Pressure Dependent Wall Relaxation in Polarized $^3$He Gaseous Cells

TL;DR

This study investigates the pressure dependence of the longitudinal relaxation time in polarized $^3$He cells, combining experiments and finite element analysis to understand the underlying mechanisms beyond diffusion effects.

Contribution

The paper provides experimental measurements and FEA simulations showing that diffusion effects do not fully explain the pressure-dependent wall relaxation in polarized $^3$He cells.

Findings

Diffusion effect is insufficient to explain pressure dependence of T$_1$.

Experimental results show linear pressure dependence of T$_1$.

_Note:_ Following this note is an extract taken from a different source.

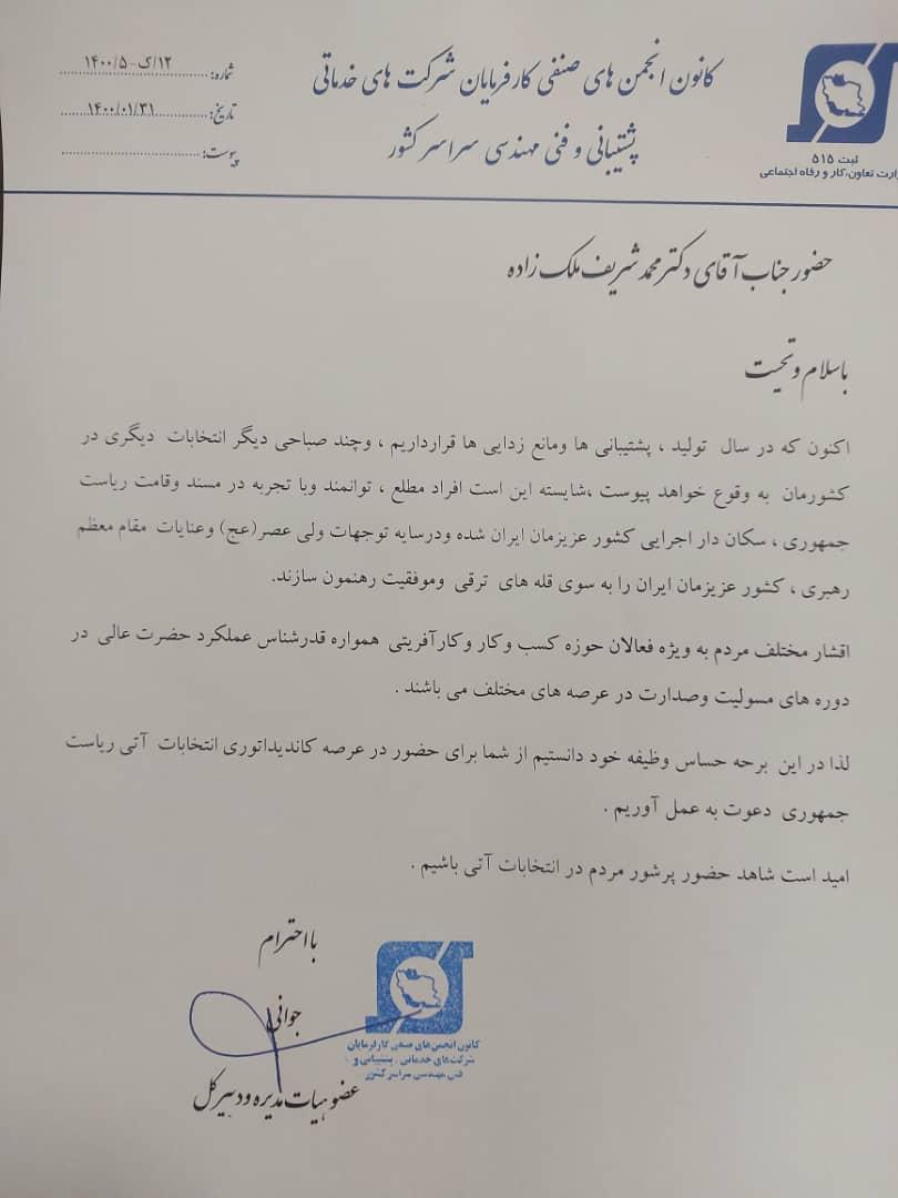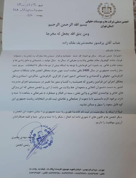 همزمان با روز جهانی کارگر در 11 اردیبهشت ماه، تشکل های کارگری در نامه ای با دعوت از محمدشریف ملک زاده، معاون رئیس جمهور اسبق و رئیس سازمان میراث فرهنگی، صنایع دستی و گردشگری دولت احمدی نژاد، خواستار حضور او در انتخابات 1400 شدند.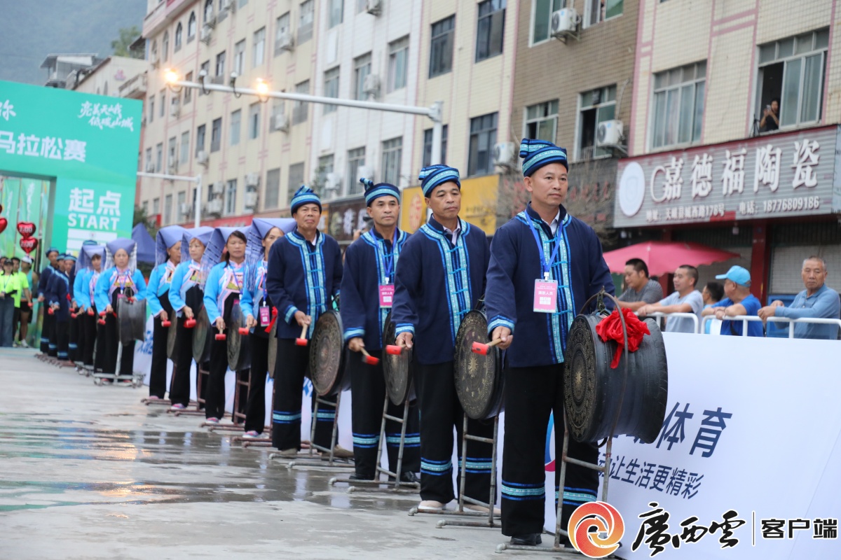 天峨半程馬拉松鳴槍開跑。羅升 攝 賽前熱場表演。林麗峰 攝 當地群眾敲著銅鼓迎接賽事。林麗峰 攝

Finite element analysis supports experimental observations.

Abstract

Pressure dependence of longitudinal relaxation time (T$_1$) due to the cell wall was observed previously at both room temperature and low temperature in valved Rb-coated refillable $^3$He gaseous cells in \cite{Zheng2}. The diffusion of $^3$He from measurement cell through a capillary tube to the valve and the subsequent depolarization on the surface of the valve was proposed to possibly explain such a pressure dependence at room temperature \cite{Saam}. In this paper, we investigate this diffusion effect through measurements of T$_1$ with newly designed Rb-coated Pyrex glass cells at 295 K as well as finite element analysis (FEA) studies. Both the experimental results and FEA studies show that the diffusion effect is insufficient to explain the observed linear pressure-dependent behavior of T$_1$.